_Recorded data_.

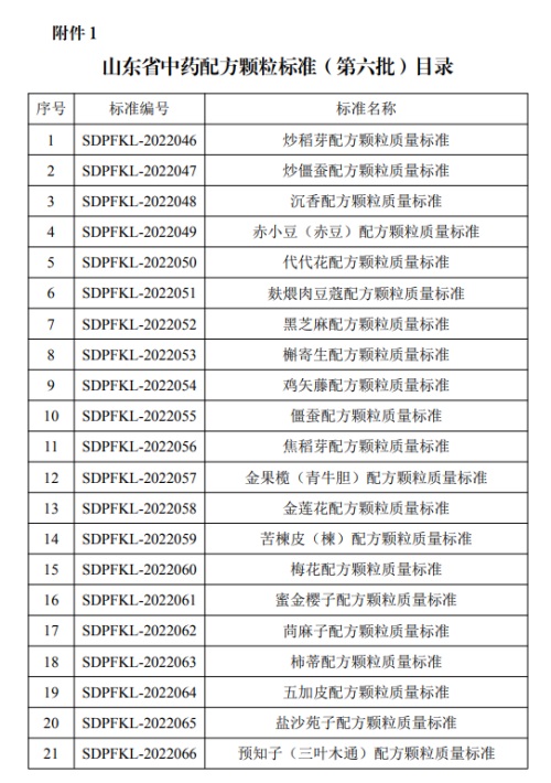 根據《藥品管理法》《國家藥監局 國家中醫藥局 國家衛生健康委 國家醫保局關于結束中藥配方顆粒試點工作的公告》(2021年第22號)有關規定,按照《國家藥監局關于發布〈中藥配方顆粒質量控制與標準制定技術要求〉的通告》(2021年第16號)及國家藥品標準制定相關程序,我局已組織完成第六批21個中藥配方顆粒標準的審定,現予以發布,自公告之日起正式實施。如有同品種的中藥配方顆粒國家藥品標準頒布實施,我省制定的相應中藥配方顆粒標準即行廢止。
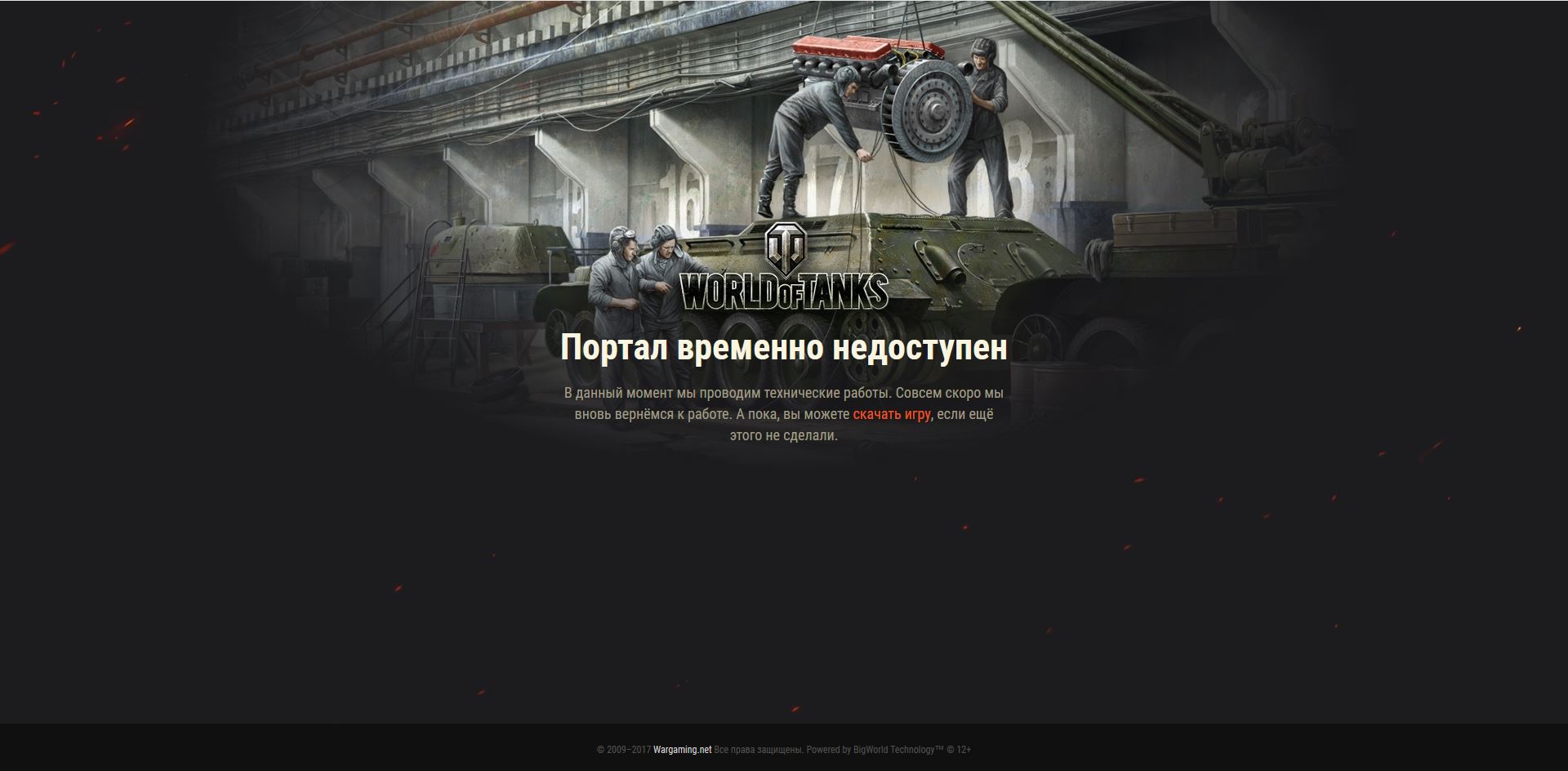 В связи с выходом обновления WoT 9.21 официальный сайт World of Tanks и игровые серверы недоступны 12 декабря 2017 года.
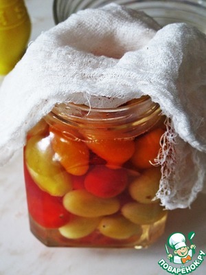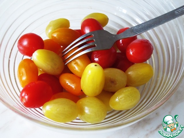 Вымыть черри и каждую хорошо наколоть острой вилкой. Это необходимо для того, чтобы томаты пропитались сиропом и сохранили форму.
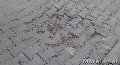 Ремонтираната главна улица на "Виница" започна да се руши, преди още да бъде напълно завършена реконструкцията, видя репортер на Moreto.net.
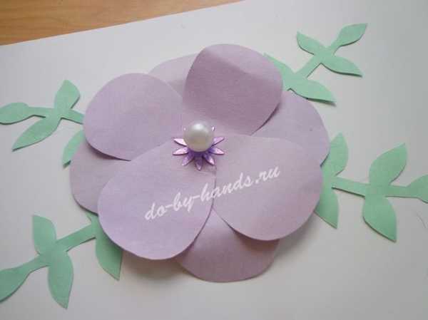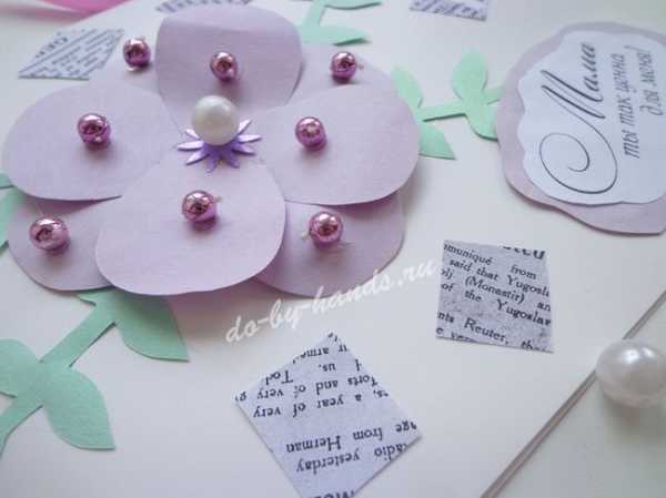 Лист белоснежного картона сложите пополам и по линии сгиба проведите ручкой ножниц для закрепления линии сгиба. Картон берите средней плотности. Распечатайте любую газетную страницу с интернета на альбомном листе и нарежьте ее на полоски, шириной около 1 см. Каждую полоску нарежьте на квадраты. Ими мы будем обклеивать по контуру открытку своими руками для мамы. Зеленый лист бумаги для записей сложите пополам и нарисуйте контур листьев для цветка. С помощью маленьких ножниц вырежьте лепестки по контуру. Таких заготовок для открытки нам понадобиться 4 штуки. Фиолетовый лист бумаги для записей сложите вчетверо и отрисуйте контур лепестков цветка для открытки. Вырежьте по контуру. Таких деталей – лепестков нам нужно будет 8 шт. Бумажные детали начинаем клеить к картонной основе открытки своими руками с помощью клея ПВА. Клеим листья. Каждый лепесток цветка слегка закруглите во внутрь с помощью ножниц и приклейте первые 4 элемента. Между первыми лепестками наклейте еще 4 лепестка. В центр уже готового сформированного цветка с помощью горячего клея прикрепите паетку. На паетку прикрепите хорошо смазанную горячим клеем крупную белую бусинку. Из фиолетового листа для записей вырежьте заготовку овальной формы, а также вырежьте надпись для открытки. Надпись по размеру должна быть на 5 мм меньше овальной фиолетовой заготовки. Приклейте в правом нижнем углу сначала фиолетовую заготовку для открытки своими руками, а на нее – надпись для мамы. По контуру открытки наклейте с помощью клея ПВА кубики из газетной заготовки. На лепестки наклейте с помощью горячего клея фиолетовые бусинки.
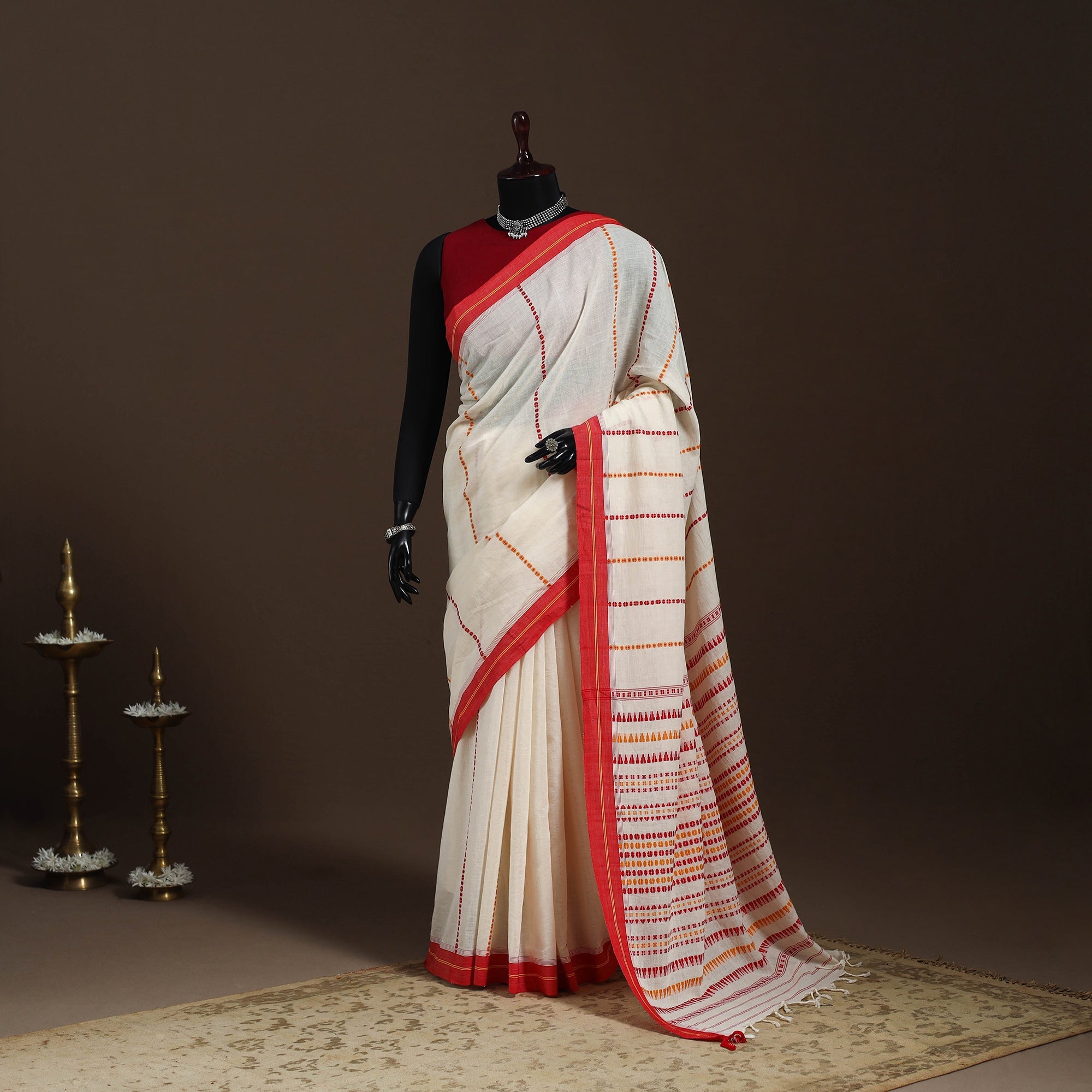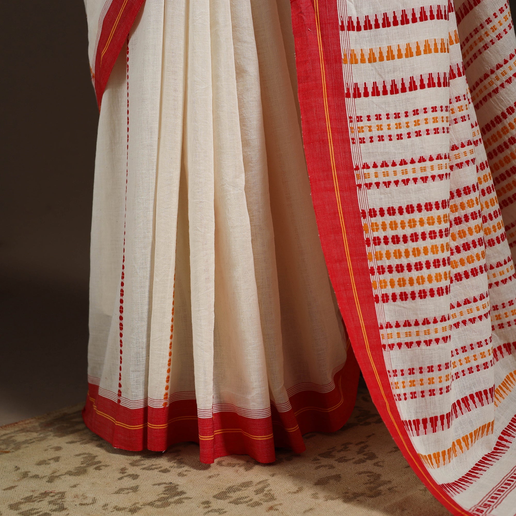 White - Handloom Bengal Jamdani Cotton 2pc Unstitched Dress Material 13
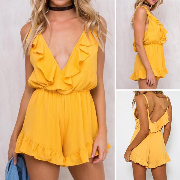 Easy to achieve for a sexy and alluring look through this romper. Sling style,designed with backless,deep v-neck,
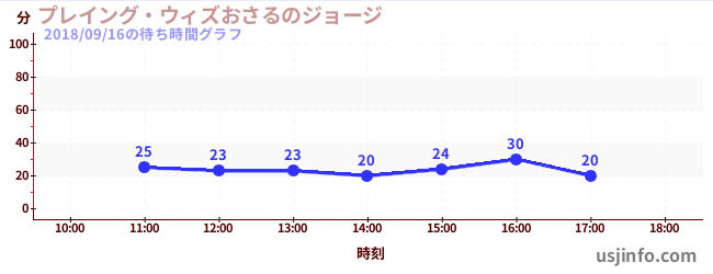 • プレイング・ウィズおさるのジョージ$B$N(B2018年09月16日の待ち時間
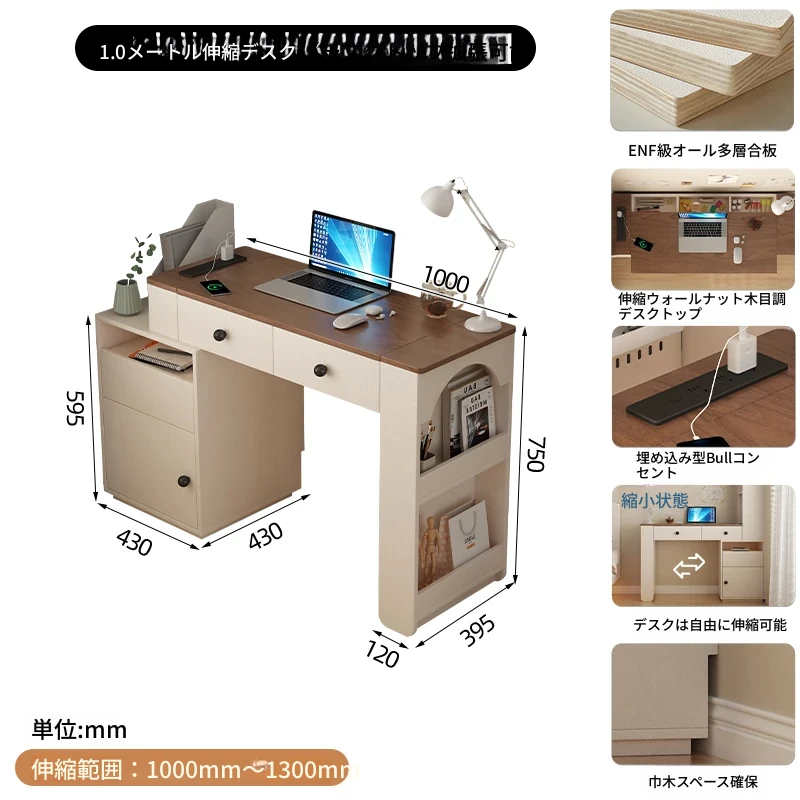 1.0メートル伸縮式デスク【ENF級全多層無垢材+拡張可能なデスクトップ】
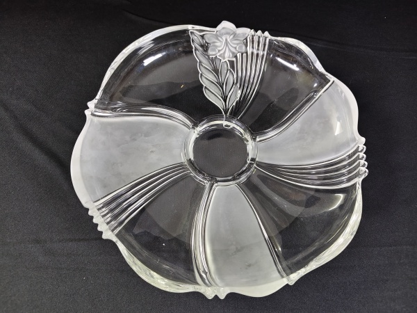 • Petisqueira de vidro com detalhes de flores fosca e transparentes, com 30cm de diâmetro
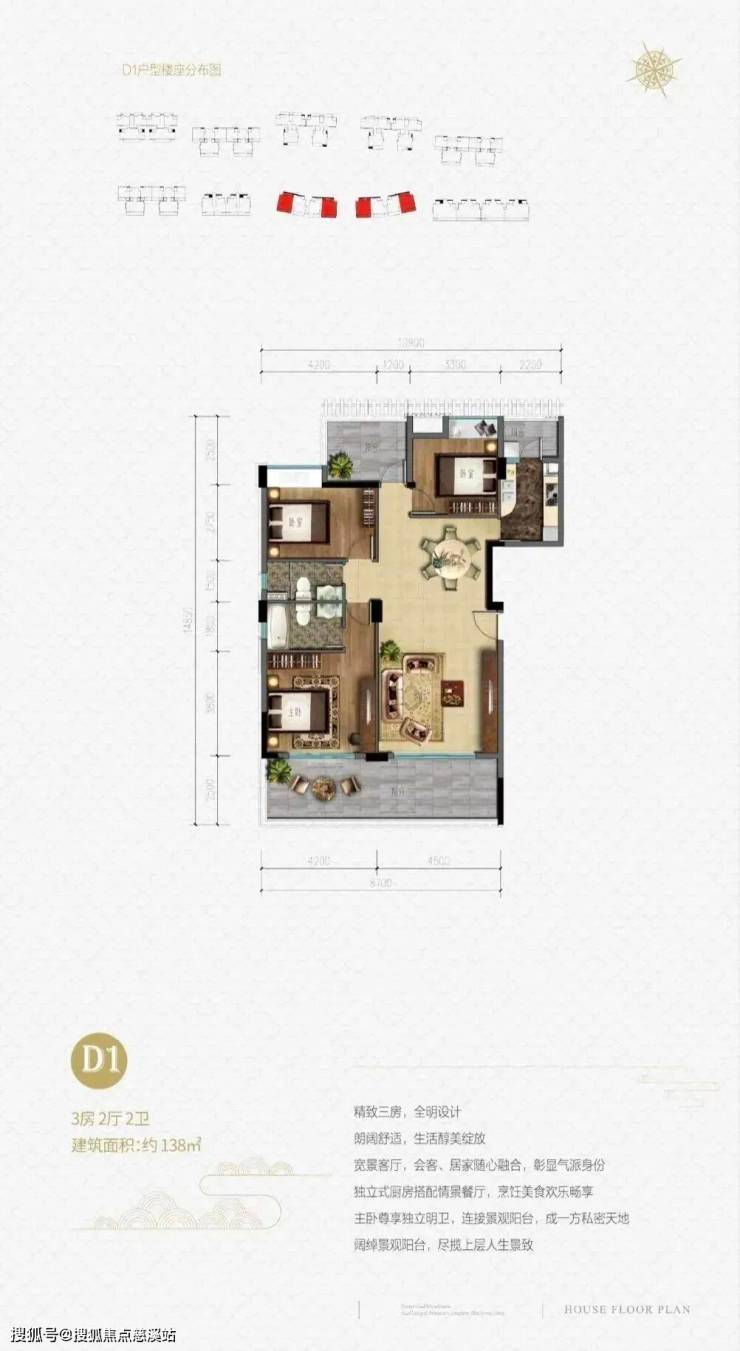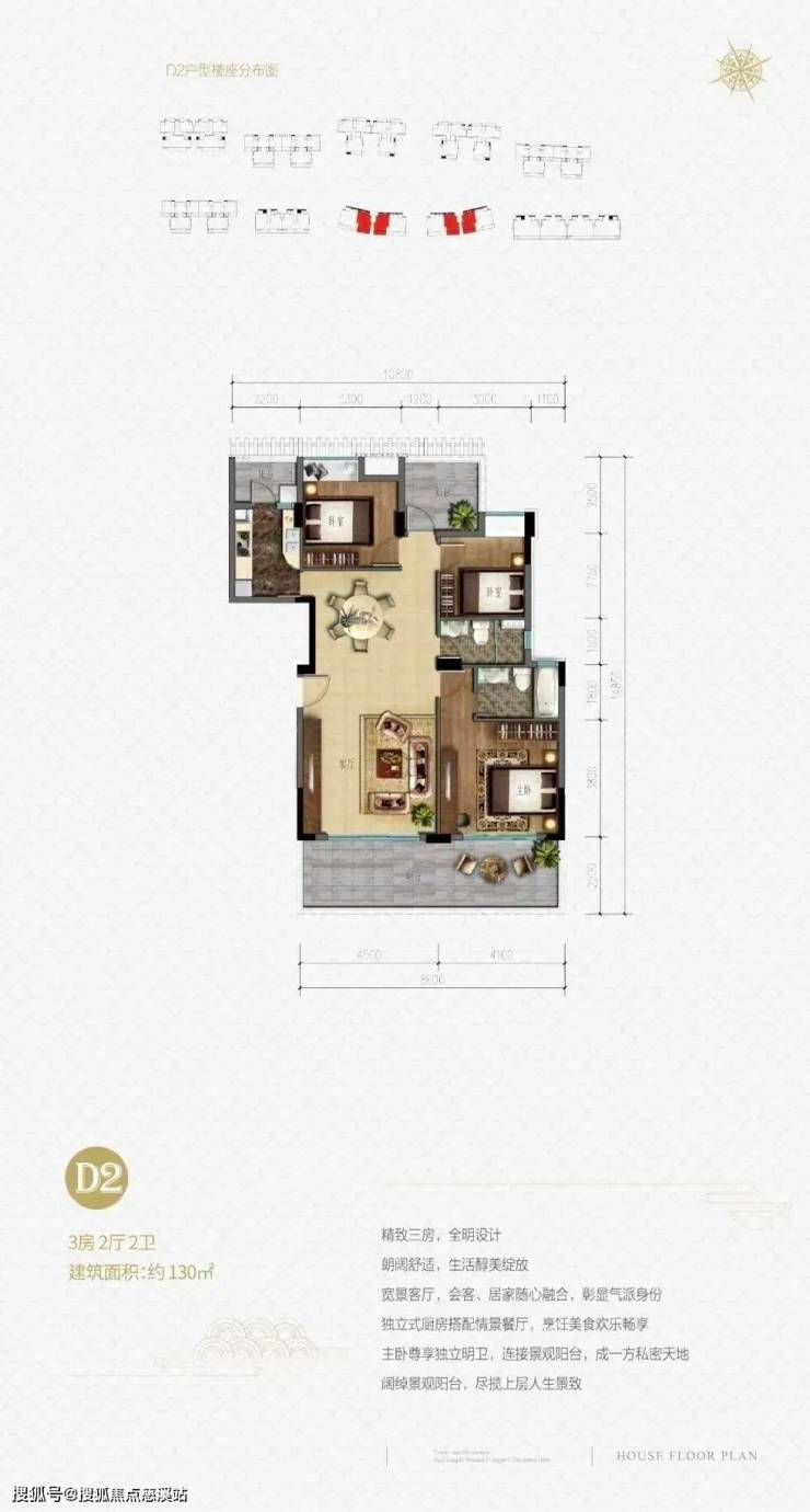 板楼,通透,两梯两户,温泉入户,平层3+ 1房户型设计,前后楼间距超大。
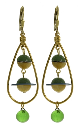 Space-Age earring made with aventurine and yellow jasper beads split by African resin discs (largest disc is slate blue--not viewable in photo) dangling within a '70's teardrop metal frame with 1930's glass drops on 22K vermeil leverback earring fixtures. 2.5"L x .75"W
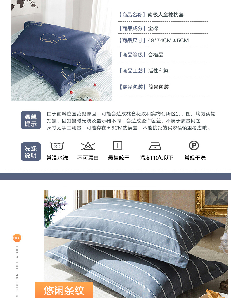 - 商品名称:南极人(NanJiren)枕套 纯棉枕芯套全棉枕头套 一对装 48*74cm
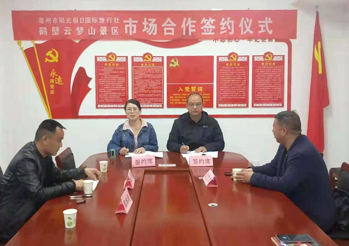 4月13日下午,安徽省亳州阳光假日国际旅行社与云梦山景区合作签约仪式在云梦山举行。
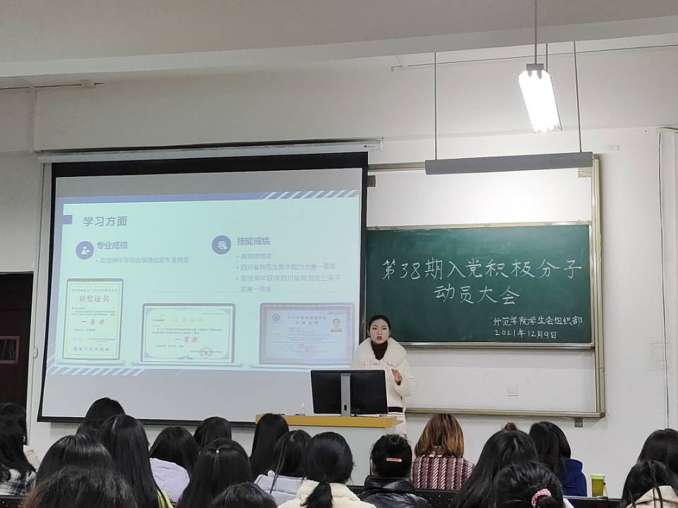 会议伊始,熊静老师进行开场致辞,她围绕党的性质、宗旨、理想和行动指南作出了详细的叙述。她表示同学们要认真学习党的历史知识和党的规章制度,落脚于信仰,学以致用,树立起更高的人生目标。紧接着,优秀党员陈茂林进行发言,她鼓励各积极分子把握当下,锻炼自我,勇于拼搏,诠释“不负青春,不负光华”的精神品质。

_Aim of the exercise_.
Copy every record exactly as written, leaving out the pictures.

_Task output_.
 根據《藥品管理法》《國家藥監局 國家中醫藥局 國家衛生健康委 國家醫保局關于結束中藥配方顆粒試點工作的公告》(2021年第22號)有關規定,按照《國家藥監局關于發布〈中藥配方顆粒質量控制與標準制定技術要求〉的通告》(2021年第16號)及國家藥品標準制定相關程序,我局已組織完成第六批21個中藥配方顆粒標準的審定,現予以發布,自公告之日起正式實施。如有同品種的中藥配方顆粒國家藥品標準頒布實施,我省制定的相應中藥配方顆粒標準即行廢止。
 В связи с выходом обновления WoT 9.21 официальный сайт World of Tanks и игровые серверы недоступны 12 декабря 2017 года.
 Вымыть черри и каждую хорошо наколоть острой вилкой. Это необходимо для того, чтобы томаты пропитались сиропом и сохранили форму.
 Ремонтираната главна улица на "Виница" започна да се руши, преди още да бъде напълно завършена реконструкцията, видя репортер на Moreto.net.
 Лист белоснежного картона сложите пополам и по линии сгиба проведите ручкой ножниц для закрепления линии сгиба. Картон берите средней плотности. Распечатайте любую газетную страницу с интернета на альбомном листе и нарежьте ее на полоски, шириной около 1 см. Каждую полоску нарежьте на квадраты. Ими мы будем обклеивать по контуру открытку своими руками для мамы. Зеленый лист бумаги для записей сложите пополам и нарисуйте контур листьев для цветка. С помощью маленьких ножниц вырежьте лепестки по контуру. Таких заготовок для открытки нам понадобиться 4 штуки. Фиолетовый лист бумаги для записей сложите вчетверо и отрисуйте контур лепестков цветка для открытки. Вырежьте по контуру. Таких деталей – лепестков нам нужно будет 8 шт. Бумажные детали начинаем клеить к картонной основе открытки своими руками с помощью клея ПВА. Клеим листья. Каждый лепесток цветка слегка закруглите во внутрь с помощью ножниц и приклейте первые 4 элемента. Между первыми лепестками наклейте еще 4 лепестка. В центр уже готового сформированного цветка с помощью горячего клея прикрепите паетку. На паетку прикрепите хорошо смазанную горячим клеем крупную белую бусинку. Из фиолетового листа для записей вырежьте заготовку овальной формы, а также вырежьте надпись для открытки. Надпись по размеру должна быть на 5 мм меньше овальной фиолетовой заготовки. Приклейте в правом нижнем углу сначала фиолетовую заготовку для открытки своими руками, а на нее – надпись для мамы. По контуру открытки наклейте с помощью клея ПВА кубики из газетной заготовки. На лепестки наклейте с помощью горячего клея фиолетовые бусинки.
 White - Handloom Bengal Jamdani Cotton 2pc Unstitched Dress Material 13
 Easy to achieve for a sexy and alluring look through this romper. Sling style,designed with backless,deep v-neck,
 • プレイング・ウィズおさるのジョージ$B$N(B2018年09月16日の待ち時間
 1.0メートル伸縮式デスク【ENF級全多層無垢材+拡張可能なデスクトップ】
 • Petisqueira de vidro com detalhes de flores fosca e transparentes, com 30cm de diâmetro
 板楼,通透,两梯两户,温泉入户,平层3+ 1房户型设计,前后楼间距超大。
 Space-Age earring made with aventurine and yellow jasper beads split by African resin discs (largest disc is slate blue--not viewable in photo) dangling within a '70's teardrop metal frame with 1930's glass drops on 22K vermeil leverback earring fixtures. 2.5"L x .75"W
 - 商品名称:南极人(NanJiren)枕套 纯棉枕芯套全棉枕头套 一对装 48*74cm
 4月13日下午,安徽省亳州阳光假日国际旅行社与云梦山景区合作签约仪式在云梦山举行。
 会议伊始,熊静老师进行开场致辞,她围绕党的性质、宗旨、理想和行动指南作出了详细的叙述。她表示同学们要认真学习党的历史知识和党的规章制度,落脚于信仰,学以致用,树立起更高的人生目标。紧接着,优秀党员陈茂林进行发言,她鼓励各积极分子把握当下,锻炼自我,勇于拼搏,诠释“不负青春,不负光华”的精神品质。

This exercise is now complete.